▶ _REQUIREMENT_: Beginning at the line containing "США Этот дом, расположенный", repeat each line below exactly up to and including the line containing "Denizli’de hareket halindeki". Do not repeat the pictures.

Data records
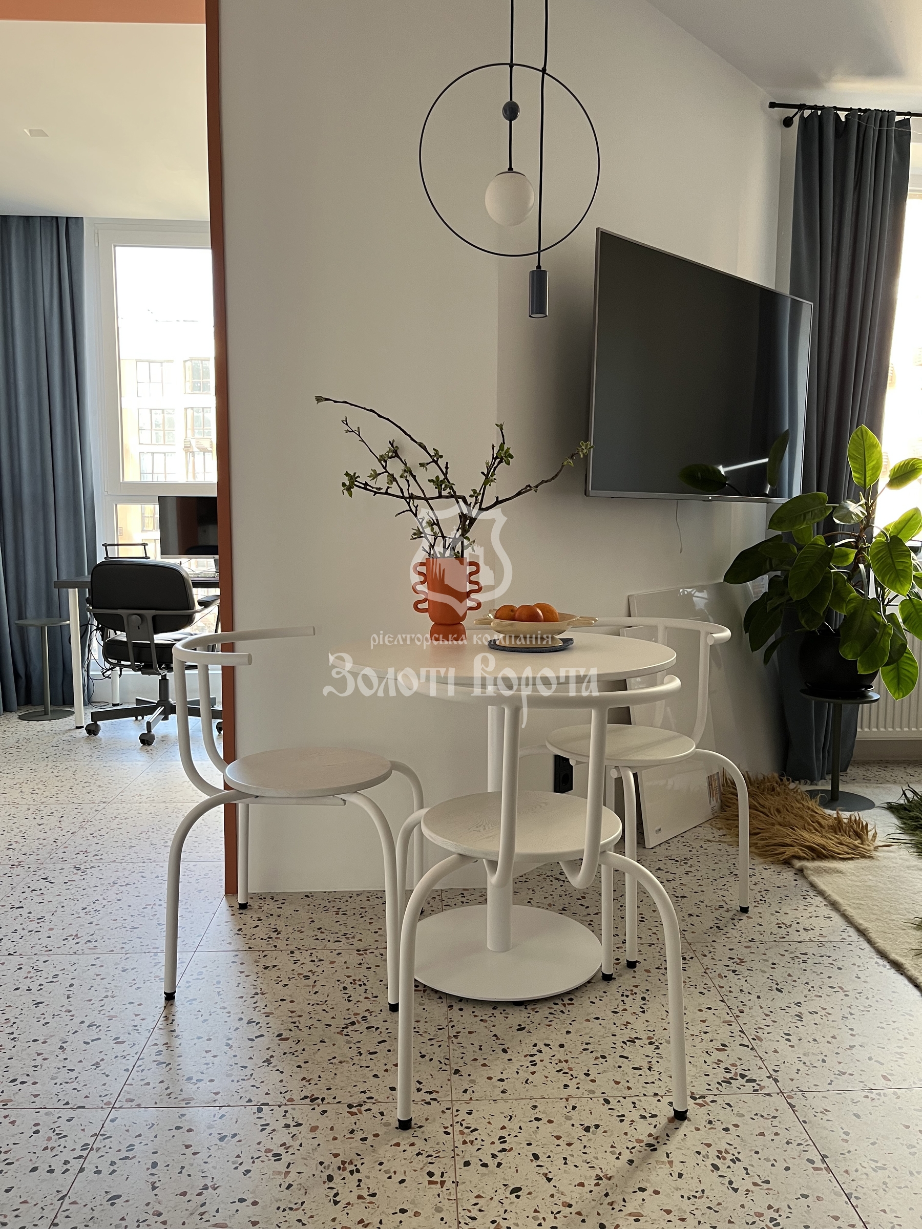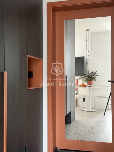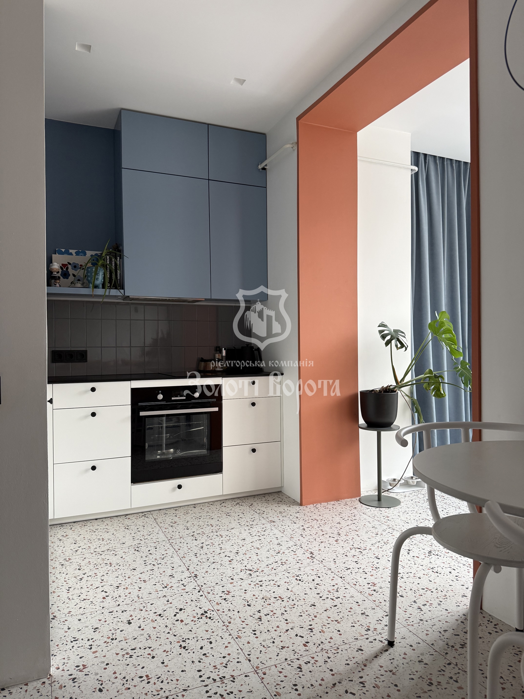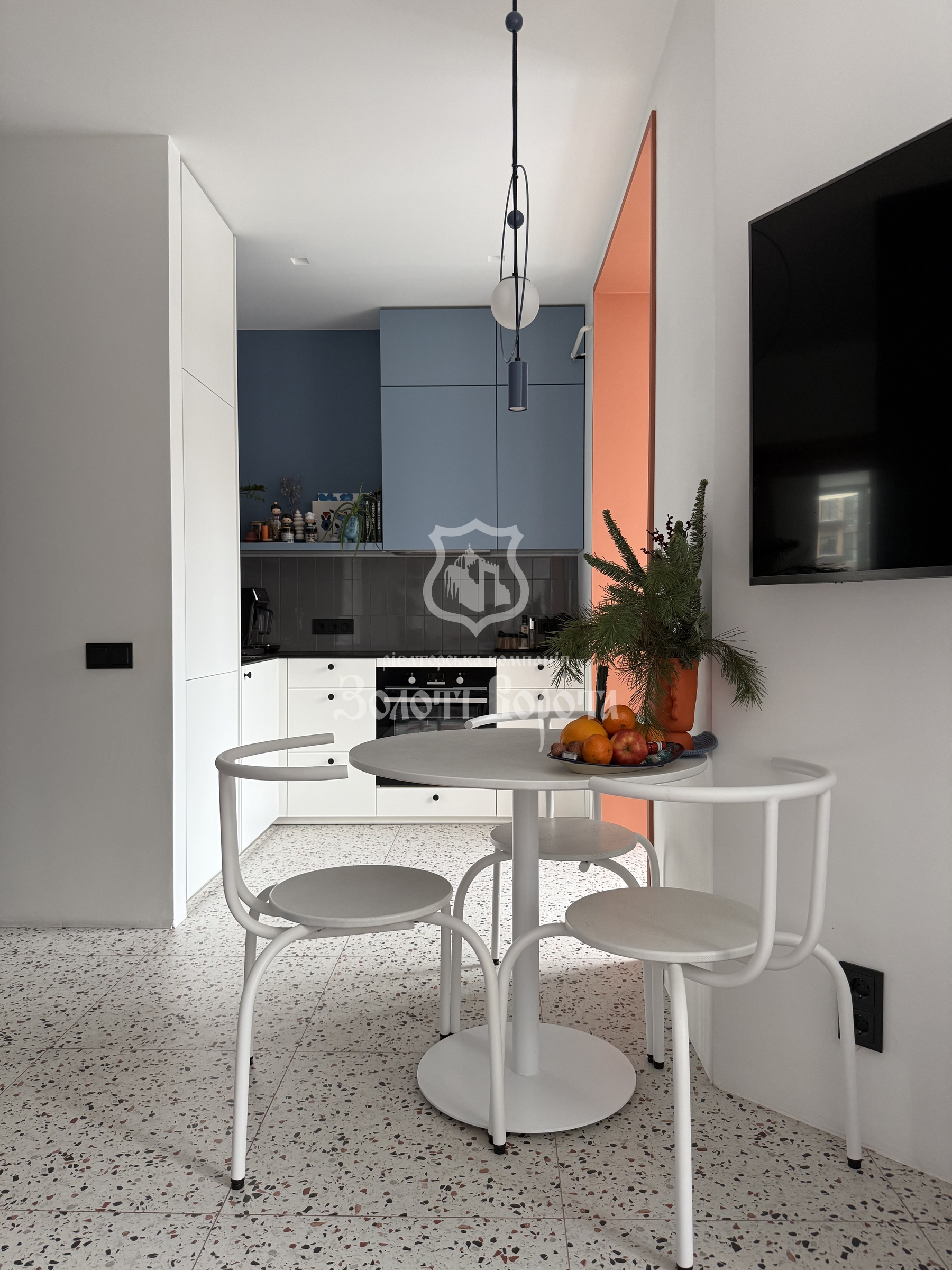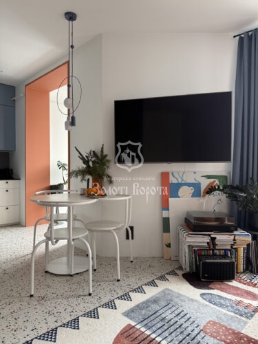 Дизайн виконано за авторським проєктом у стилі Soft Memphis з елементами скандинавського мінімалізму, де кожен метр використано максимально ефективно. Простір професійно зонований: виділена спальня-вітальня з модульним диваном від Faid, простора кухня з акцентним порталом та облаштоване робоче місце для двох осіб біля панорамного вікна з кондиціонером Cooper&Hunter. Особливістю квартири є повна безбар’єрність — італійський керамограніт Terrazzo укладено єдиним контуром без порогів.
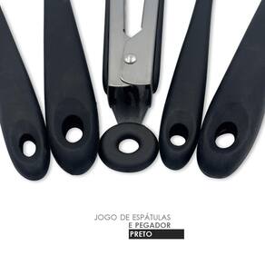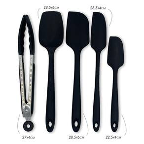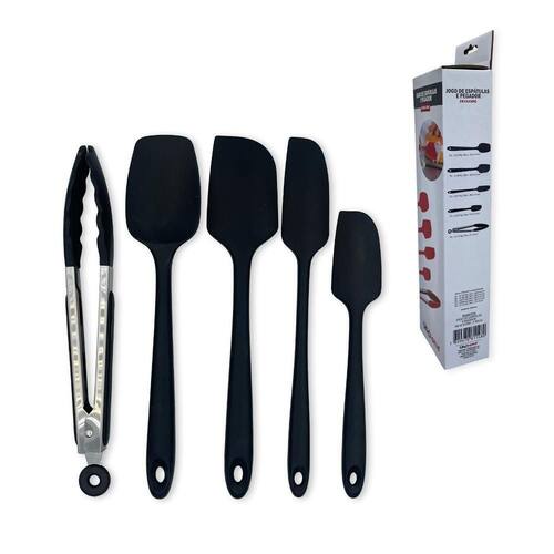 1 kit com 5 utensílios de silicone, sendo 4 espátulas e 1 pegador, na cor preto ou vermelho cor enviada conforme disponibilidade
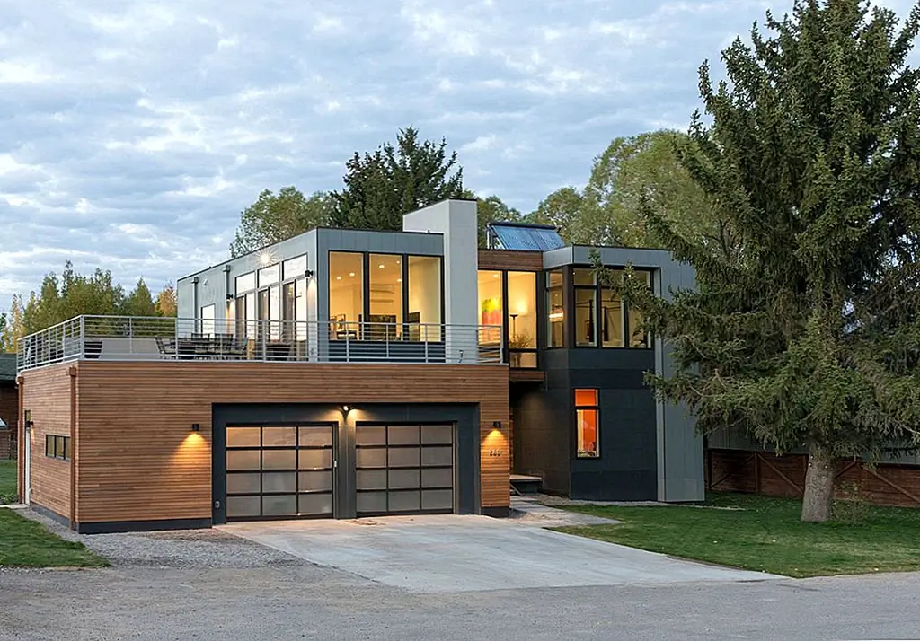 США Этот дом, расположенный в Вайоминге, США, является одним из шести сборных модулей, созданных Method Homes. Это был проект Chris Pardo Design: Elemental Architecture, дизайн которого хорошо сбалансирован, с объемным объемом древесины, который включает в себя гараж на два автомобиля и который контрастирует с светлыми томами, которые его создают. Часть гаража выступает в качестве платформы для открытой террасы.
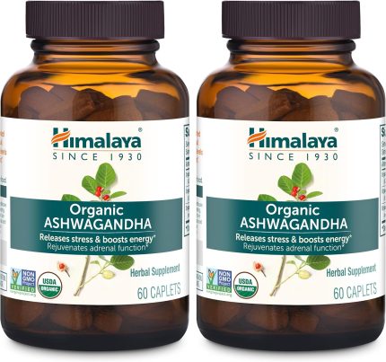 Himalaya Organic Ashwagandha, 120 Day Supply, Herbal Supplement for Stress Relief, Energy Support, Occasional Sleeplessness, USDA Organic, Non-GMO, Vegan, Gluten Free, 670 mg, 60 Caplets, 2 Pack
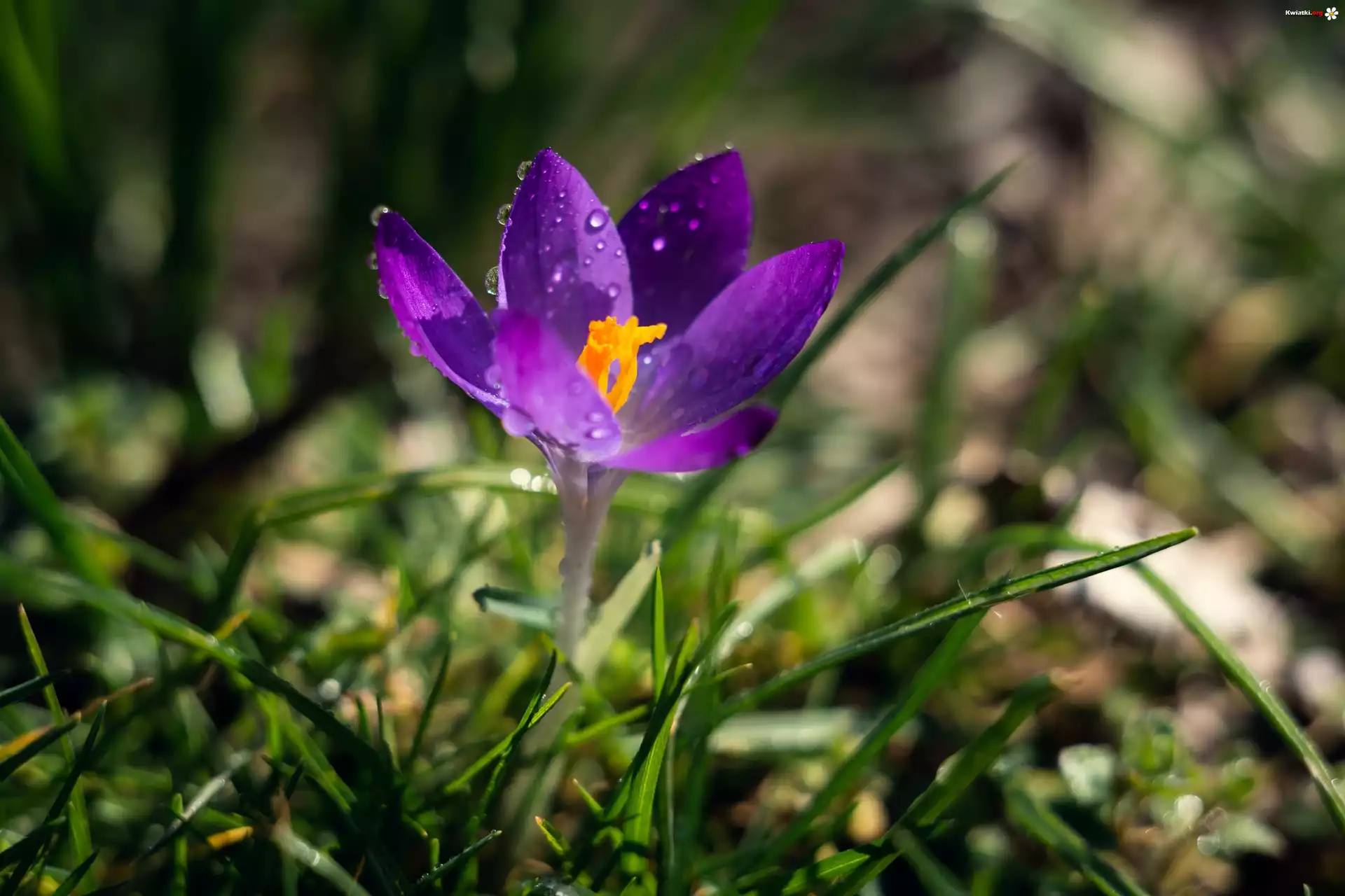 Kwiat Kwiat, Fioletowy, Krokus, Krople, Trawa
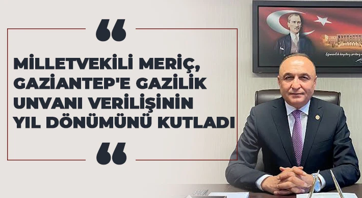 CHP Gaziantep Milletvekili ve İçişleri Komisyonu Üyesi Melih Meriç, Gaziantep’e Gazilik Ünvanı Verilişinin 103. Yıl Dönümü münasebetiyle bir mesaj yayımladı.
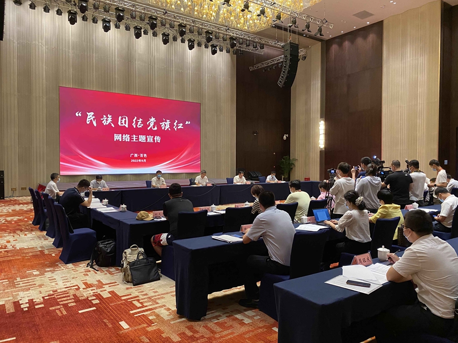9月2日,“民族团结党旗红”网络主题宣传在广西壮族自治区百色市启动。(光明网供图)
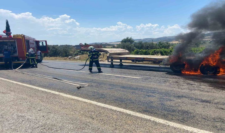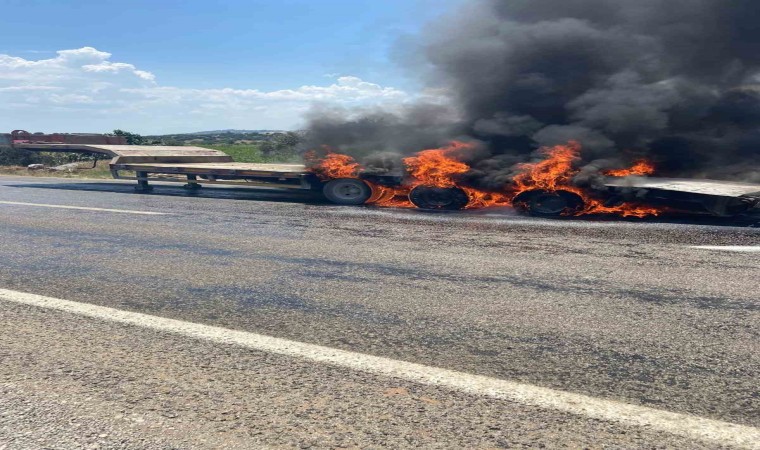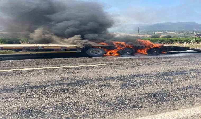 Denizli’de hareket halindeki tırın dorse lastiği patladı. Yüksek sıcaklık nedeniyle asfaltın tutuşmasıyla başlayan yangın, tırın lastikleri ve dorsesini alevler içinde bıraktı.
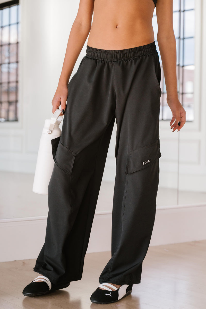 Loose fit pant with adjustable ties on the ankle to convert from a straight leg to a jogger.
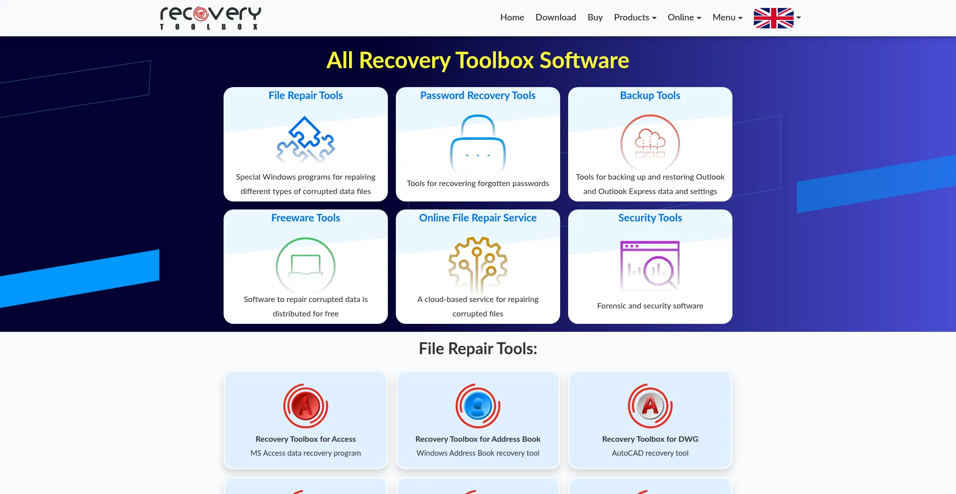 Recovery tools for corrupted ost, pst, wab, zip, rar, xls, xlsx, doc, docx, accdb, ppt, pptx, mpp, onenote, flash, cd, dbf, pdf, sql, mysql, registry, psd, ai, edb, cad, cdr, ns...
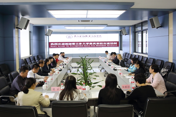 4月26日,美国雪兰多大学副校长艾德丽安.布劳斯,文理学院院长杰夫.科克尔,国际关系部主任伊冯.陈一行来访taptap点点。taptap点点党委书记沈立君携副院长谢沛善,院长助理罗坚及国际交流处、合作与交流中心、学生工作处、教务科研处、各系部和相关人员在西校区协同育人中心会见了雪兰多大学代表团一行。

▶ _WORKED SOLUTION_:
 США Этот дом, расположенный в Вайоминге, США, является одним из шести сборных модулей, созданных Method Homes. Это был проект Chris Pardo Design: Elemental Architecture, дизайн которого хорошо сбалансирован, с объемным объемом древесины, который включает в себя гараж на два автомобиля и который контрастирует с светлыми томами, которые его создают. Часть гаража выступает в качестве платформы для открытой террасы.
 Himalaya Organic Ashwagandha, 120 Day Supply, Herbal Supplement for Stress Relief, Energy Support, Occasional Sleeplessness, USDA Organic, Non-GMO, Vegan, Gluten Free, 670 mg, 60 Caplets, 2 Pack
 Kwiat Kwiat, Fioletowy, Krokus, Krople, Trawa
 CHP Gaziantep Milletvekili ve İçişleri Komisyonu Üyesi Melih Meriç, Gaziantep’e Gazilik Ünvanı Verilişinin 103. Yıl Dönümü münasebetiyle bir mesaj yayımladı.
9月2日,“民族团结党旗红”网络主题宣传在广西壮族自治区百色市启动。(光明网供图)
 Denizli’de hareket halindeki tırın dorse lastiği patladı. Yüksek sıcaklık nedeniyle asfaltın tutuşmasıyla başlayan yangın, tırın lastikleri ve dorsesini alevler içinde bıraktı.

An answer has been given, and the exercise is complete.